Inside, Becca’s stomach churned and she closed her mind to thoughts of her parents. Sure they’d fought. Big deal. Everyone’s parents had fights. But somehow theirs had escalated to the point of divorce.
And then her dad had died.
The back of her eyes burned for a second, and she gritted her teeth as Kurt Cobain sang on and on. The empty part of her, the part that still hurt, burned again and she refused to think of her father or the fact that he wouldn’t have died if it hadn’t been for that last ugly fight.
“Shit,” she mumbled.
“What?” Her mother’s head swung in her direction.
“Nothin’.” She didn’t want to go into it and closed her eyes as the song ended. For a few seconds the silence in the pickup was deafening, then a crash of guitar chords started the next tune. Thank God. She’d listen. And instead of thinking about her parents and the crummy past, she’d concentrate on her future. And L.A. She smiled and decided she wasn’t going back to Idaho ever again. It was like nowhere. Real hicksville. Aunt Connie would take her in; Jennifer had said so. And Jennifer had also promised on her next visit to take her to a party to meet some guys. She also said that they’d get their navels pierced and maybe even go to a tattoo parlor for some body art.
It would be so cool.
And her mom would flip.
Excellent. Becca slunk lower in the seat and bobbed her head in time with the drumbeats. She wasn’t sure what kind of tattoo she’d get, but she wanted to put it on her ankle so people could see it when she wasn’t wearing socks. A butterfly would be cool, but was kinda common. Not in Idaho, of course, but in L.A. A spider was a little too creepy, but a hummingbird might be just right. She smiled to herself, envisioning the colorful creature hovering just above her heel, its long beak dipping into a small flower. Yeah, that would do it.
And Mom will freak out.
Perfect.
A little twinge of guilt pricked her conscience, but she refused to think about it. For now she’d concentrate on having the time of her life in Los Angeles.
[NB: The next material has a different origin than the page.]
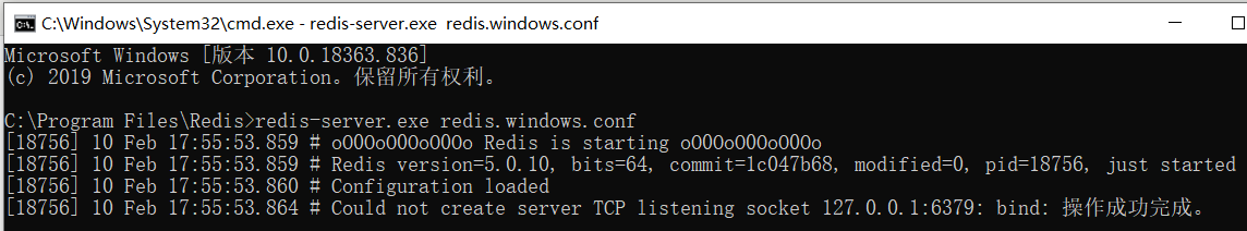 [18756] 10 Feb 17:55:53.864 # Could not create server TCP listening socket 127.0.0.1:6379: bind: 操作成功完成。
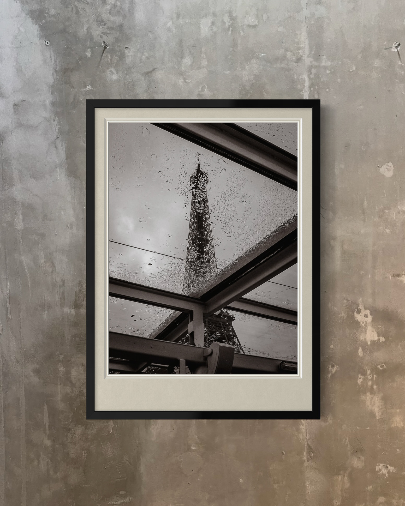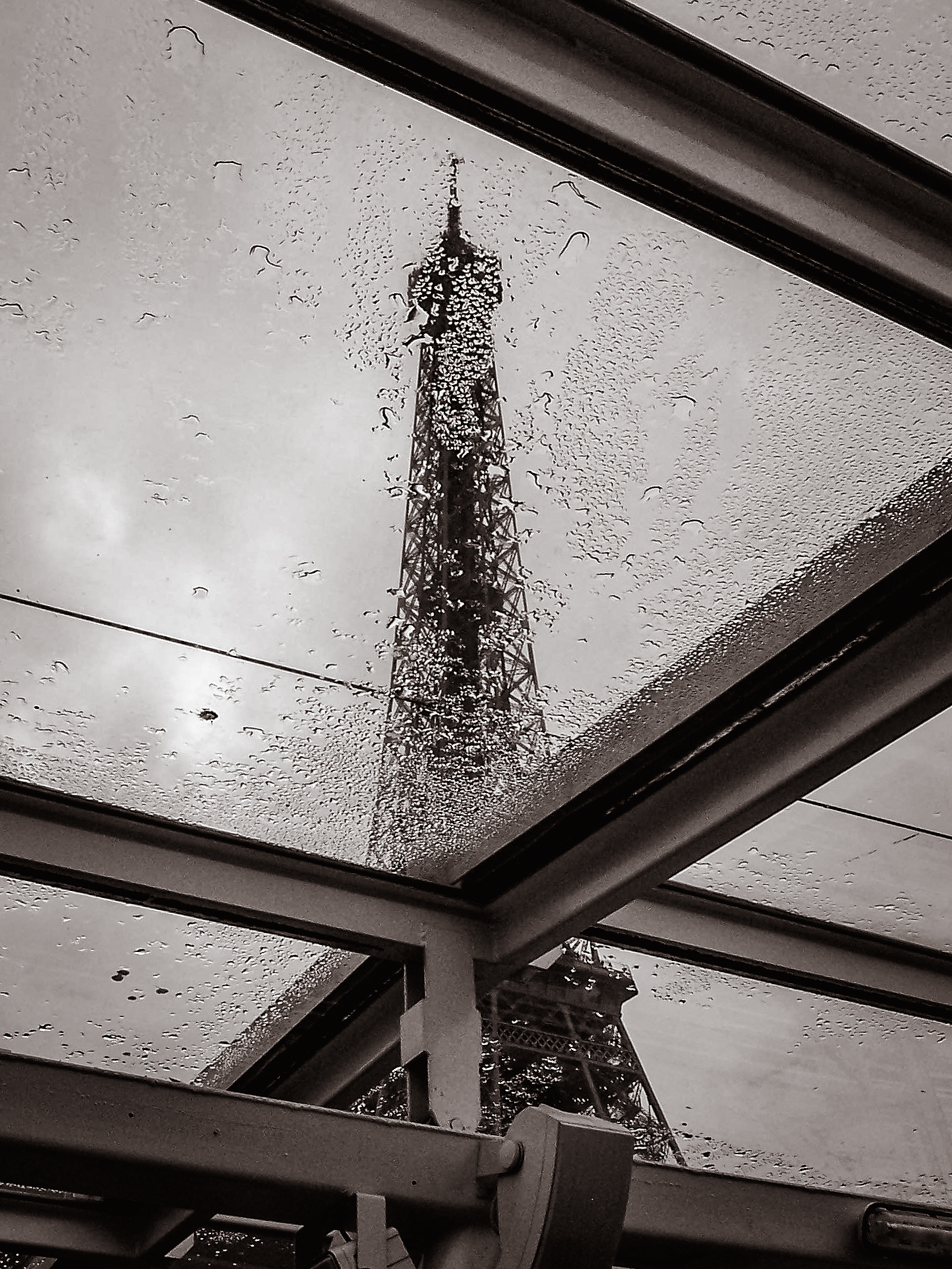 The image is built on oblique lines and quiet interruptions. The canopy’s beams cut across the scene like deliberate gestures, while the droplets act as a liquid grain—softening clarity, breaking the iconic silhouette into matter. The Tower remains recognizable, yet slightly withheld: present, but not fully given. In that restraint, the photograph finds its tone—elegant, minimal, and emotionally charged without excess.

Later, as they passed over White Bird Hill, she sneaked a peek at Thane. Grim-faced, wearing sunglasses and concentrating on the snow that had started falling from the sky in small, icy pellets, he stared straight ahead. As if there wasn’t another soul in the pickup. For an old guy, he was okay-looking, if you liked the rangy cowboy type. He looked like he’d rather be riding a bucking bronco or at least a huge motorcycle. There was an edge to him that even Becca, at age thirteen, could feel. So what was the deal with him and her mother? Why did they act as if they couldn’t stand each other?
Becca had never heard much talk about Marquise’s first husband, only that Maggie had never approved of the marriage and had always changed the subject whenever it had been brought up. She seemed to hate this guy.
Not that it mattered one way or the other. The only thing that Becca cared about was that she was about to be free, and she never intended to return to Backwoods USA again. In a few hours, she’d be outta there. For good.
It was about time.
Chewing on a toothpick he’d picked up at the airport restaurant, Thane watched the jet scream down the runway. Snow was building on either side of the tarmac, and the silver bird’s wings had been de-iced before takeoff, yet he felt Maggie’s case of nerves as if they were his own. Beside him, her face pressed to the glass, she seemed to hold her breath as the jet lifted its nose to the air, then took flight.
“This is the first time I’ve let her fly on her own,” she admitted, as her daughter’s plane disappeared into the clouds.
“She’ll be fine.”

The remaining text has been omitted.